When raises weren’t given or benefits cut there were staff who couldn’t comprehend it at the time.  “But I’ve been here for 12 years,” rationalized one staff person to me one day as if that explained why they were due a raise.  “But of course the artifact MUST fly first class with a courier,” underscored another staff person as if completely oblivious to economic reality.  “But so and so NEEDS more hours, you CAN’T cut them,” argued a supervisor.
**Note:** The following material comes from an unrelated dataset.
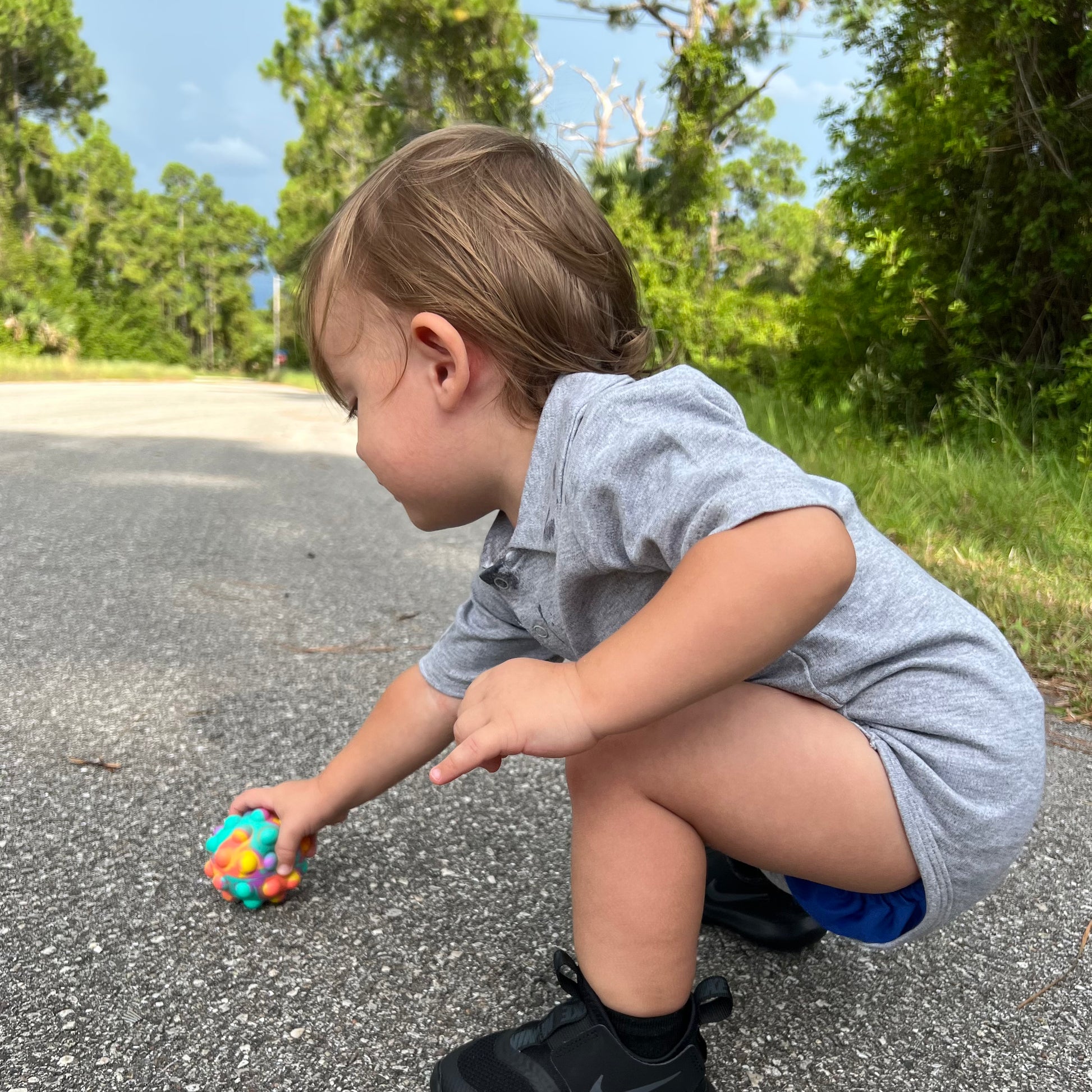 Little Jaxson is approximately 24 lbs and is wearing a size 18 month with plenty of growing room.

Budgets were given and freely spent.  “It is in my budget,” was a common museum staff persons cry.  Historically, museum professionals were given a budget and they would spend it for little regard as to where the income came from to actually pay for it.  The transition from one-sided thinking has been a slow one but one that many museums now have completed.  Aligning expenses with off-setting revenue has been one approach taken by many museums.  The more entrepreneurial of employees thrived in this type of environment while the budget spenders didn’t fare so well.

Government Funding

The first things that went in the financial crisis for museums were endowment fund income and balances, followed rather quickly by government support.  Some intuitions would receive federal, state, county and city funding.  An organization too reliant on government support quickly found itself in trouble if it didn’t have a good earned income model.  State of Florida funding was zero for several of these lean years.  During that time, some institutions were absorbed into government schools which somehow still were funded and often received additional operating dollars based on expanding their physical space.
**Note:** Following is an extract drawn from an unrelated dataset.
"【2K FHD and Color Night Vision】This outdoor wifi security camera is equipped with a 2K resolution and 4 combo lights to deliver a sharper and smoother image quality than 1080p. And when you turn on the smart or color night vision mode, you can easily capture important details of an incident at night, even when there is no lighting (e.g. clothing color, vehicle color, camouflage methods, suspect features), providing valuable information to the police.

It has a cascading effect.  State money went to nothing or next-to-nothing in the State of Florida.  County government funding could include a county school district or the county government itself supporting an institution.  In some cases institutions found themselves faced with multiple cuts from their county organizations which also included tourist development councils that saw declining revenues from bed tax dollars and also made cuts.  City governments faced declining tax collections and also cut funding to cultural institutions.  Usually the government support eroded within a year or two of each funding source going away causing great strain on the cultural institutions.


We all know that the value of endowment funds dropped significantly.  Across the State of Florida auditors were making sure that the principle balance didn’t go below what a donor had given.  Museums were not receiving as much income from their endowments.  And matching endowment programs at the state level completely stopped.  Those institutions who didn’t have endowment funds were obviously less affected by this situation, however, they were not able to start endowment funds during this time period.

Furthermore, there was, and in some cases still exists, a negative feeling by trustees about endowment funds.  Some institutions just didn’t have the financial constraint to not tap endowment funds and spent principal balances.  Obviously, not a practice I condone.

Donations and Foundations

Foundations for the clear reason above found their principals being eroded and cut back on giving significantly.  This had an effect on larger as well as smaller institutions.  Donors, whose portfolios declined dramatically, cut back considerably in their giving.  They simply didn’t have it or believed that they were in a financial crisis themselves despite being worth millions in some cases.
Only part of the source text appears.